University of Manchester: Scientist show how plastic exposure in pregnancy could explain low weight in newborn boys

A team led by scientists at The University of Manchester has discovered how exposure in pregnant mothers to a chemical found in many plastics alters the expression of a protein linked to fetal growth restriction (FGR) in boys.



The study, published in Biology of Reproduction, is the first to compare the biological effect of Bisphenol A (BPA) – found in canned food, plastic bottles, food containers, toys, and medical equipment – on male and female placental tissue- a powerful indicator of an unborn baby’s health.



Levels of Estrogen Related Receptor Gamma (ESSRG), an important gene in human placenta and a receptor for BPA, was half as abundant in male than in female placental tissue after treating with BPA, they found.

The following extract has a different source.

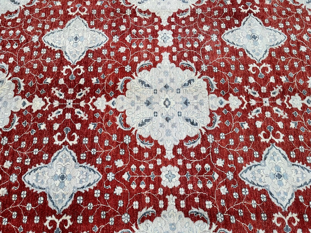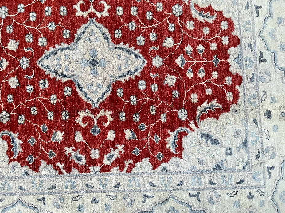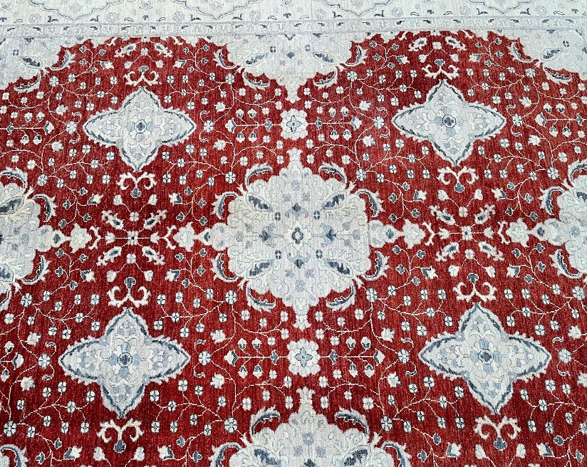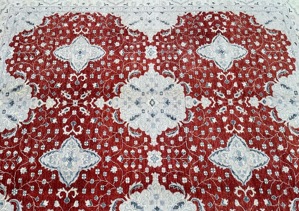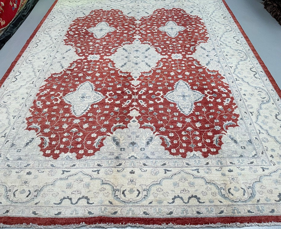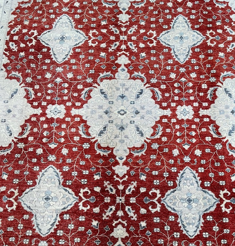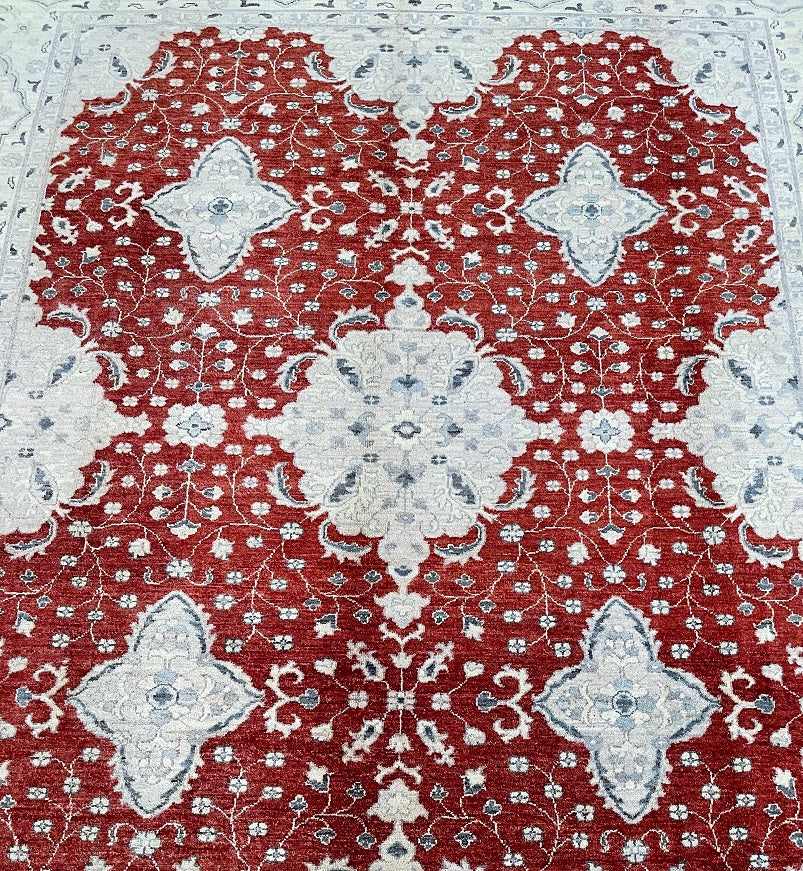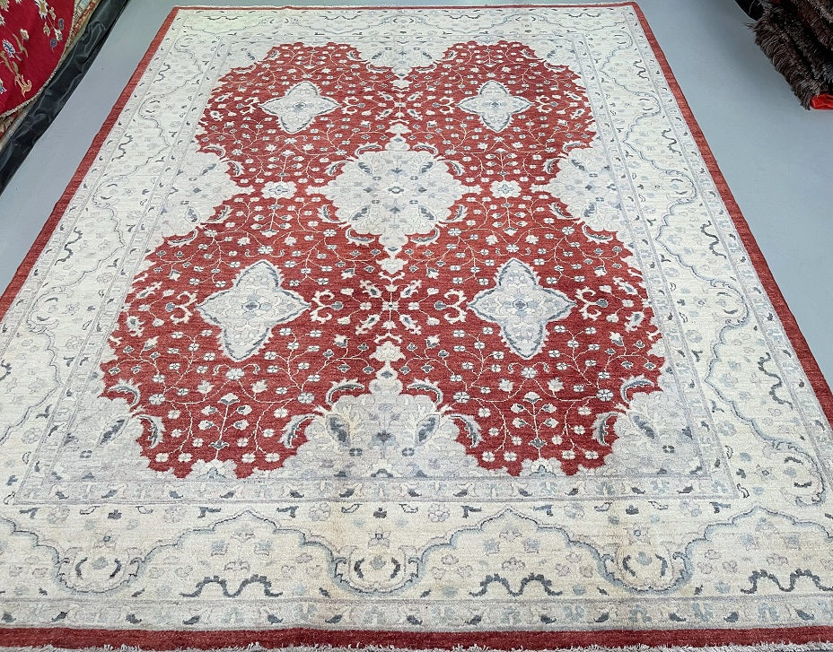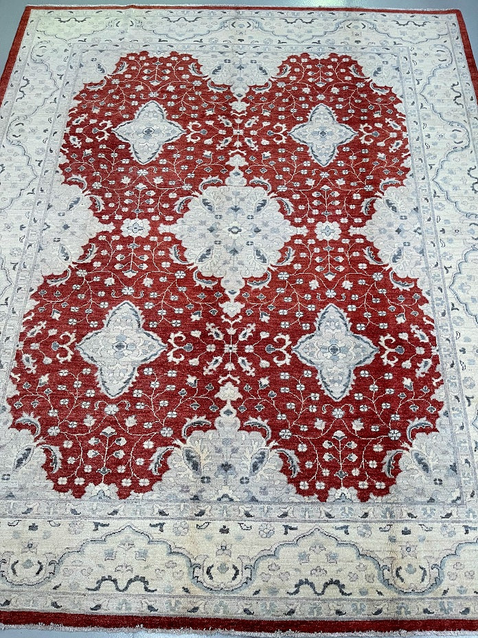 Full Room Size Authentic Hand Knotted Afghan Chobi Rug. Above All It Has A Pure Hand Spun Wool Pile On Cotton Base. Terracotta Red, Beige, Grey And Soft Green/Blue Tones Dyed Using Vegetable Dyes. Last Of True Woven Nomadic Art.

Though its causes are still unclear, FGR occurs when the placenta is not working well enough to provide a baby with the nutrients to grow normally, and is linked to an increased risk of complications in pregnancy.



Babies born with FGR are also at heightened risk of high blood pressure, coronary artery disease, type 2 diabetes and thyroid disease in later life.



Most babies that are smaller than expected will grow up healthy, however according to Tommy’s, up to 10% of pregnancies will be affected by FGR and need close monitoring during pregnancy.



The study was funded by Tommy’s, The University of Manchester and the China Scholarship Council.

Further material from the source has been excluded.